Cette difficulté est d'autant plus marquée que l'issue de ces contentieux dépend de l'articulation de plusieurs niveaux de normes - législatif, constitutionnel, conventionnel et européen - et de différents acteurs juridictionnels - juridictions administratives et judiciaires, Conseil constitutionnel, Cour de justice de l'Union européenne, Cour européenne des droits de l'homme.
Enfin, la prévision chiffrée des dégrèvements consécutifs à des décisions de justice est d'autant plus sujette à incertitude que les dossiers en cause concernent des problématiques et des situations diverses.
3. La nécessité de s'interroger sur les règles européennes applicables en matière de fiscalité des entreprises
Les reversements d'impôts au profit des entreprises sont réalisés en application des principes de libre circulation des capitaux et d'égalité de traitement issus du droit de l'Union européenne. Les différents contentieux énumérés ci-dessus en témoignent : les juges nationaux ou européens tranchent les grands litiges fiscaux en condamnant les États à reverser aux entreprises les impôts perçus au titre des dispositifs contestés.

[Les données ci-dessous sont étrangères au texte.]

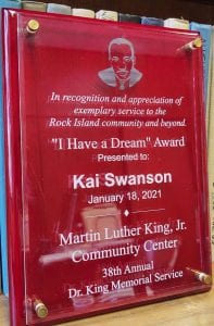 The King Center award given to Kai Swanson is in “recognition and appreciation of exemplary service to the Rock Island community and beyond.”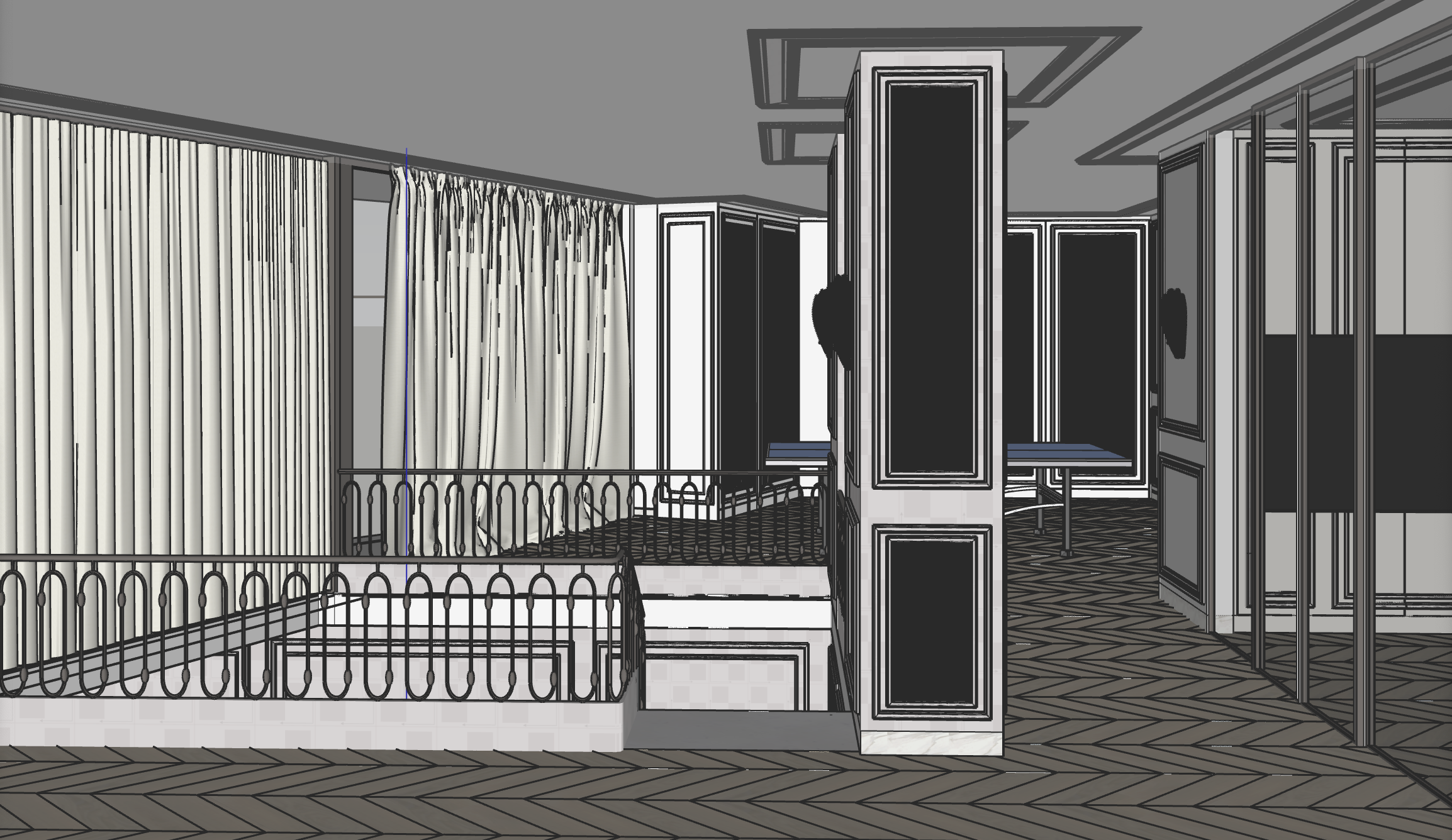 interior scene of an elegant modern room with a sophisticated atmosphere the walls are adorned with large panels of mirrors marked as black rectangles in model the floor is a parquet design featuring light beige tone the railings are intricate wrought iron with a deep black finish the ceiling is designed with white plasters complementing the overall monochromatic scheme the atmosphere is warm and inviting with ambient lighting enhancing the elegance of the space walls are beige grey on the back there are wardrobe with mirror on fronts and tennis table the hole room is very elegant and light on the ceiling there is subtle recessed spot lighting the overhead lighting is warm and atmospheric creating a cozy yet sophisticated ambiance the herringbone patterned floor enhances the sense of spaciousness minimal greenery and interesting accessories add freshness to the interior while maintaining its minimalist and clean character daylight enters from the left through delicate cashmere curtains in a gray beige shade neoclassic style little modern twist

Les restitutions opérées au profit des entreprises s'alignent sur les dispositifs fiscaux les plus favorables aux entreprises. Le rapporteur spécial considère que ces montants témoignent du caractère ultralibéral des fondements de l'Union européenne. Celle-ci, fondée sur une vision économique, grève sans difficulté les finances de l'État de plusieurs milliards d'euros pour favoriser la circulation des capitaux et l'égalité de traitement entre les entreprises de l'Union.
De plus, les règles de libre circulation des capitaux fixées par le droit de l'Union européenne favorisent la concurrence fiscale entre les États membres qui ont fait du taux d'impôt sur les sociétés un instrument au service de leur attractivité économique. À ce titre, il convient de rappeler que le taux moyen implicite d'impôt sur les sociétés n'a cessé de diminuer depuis plusieurs années dans les États membres de l'Union européenne.
Le rapporteur spécial considère donc qu'il est nécessaire de repenser en profondeur les règles applicables à la libre circulation des capitaux et qu'il est indispensable de trouver des solutions pour limiter la concurrence fiscale entre les États ce qui permettrait, subséquemment, de limiter les contentieux fiscaux.
* 19 Le contentieux Messer France est relatif à la contribution au service public de l'électricité (CSPE). Dans ses conclusions du 25 juillet dernier, la CJUE a considéré que la CSPE, dans sa version d'avant 2016, ne devait pas avoir des finalités de cohésion territoriale et sociale et des finalités administratives. Les contribuables peuvent donc prétendre à un remboursement partiel de CSPE. Son traitement par la commission de régulation de l'énergie ne consiste pas en l'application de décisions de justice, mais en des transactions visant à permettre le désistement de requêtes déposées devant le TA Paris.
* 20 Loi de finances rectificatives pour 2012, n° 2012-958 du 16 août 2012.
* 21 Cour des comptes, référé du 30 mai 2013 sur les contentieux précompte mobilier et OPCVM.
* 22 CE, 12 mars 2014, Sté Céline et CE, 27 juin 2016, SA Faurecia.
* 23 Dans un État signataire, avec la France, d'une convention fiscale.
* 24 Conseil constitutionnel, décision n° 2017-660 QPC du 6 octobre 2017.
* 25 Cette contribution a été annulée par le Conseil constitutionnel pour rupture d'égalité devant l'impôt, cette rupture d'égalité étant elle-même une conséquence de l'invalidation partielle de la contribution par la CJUE (arrêt C-365/16 du 17 mai 2017).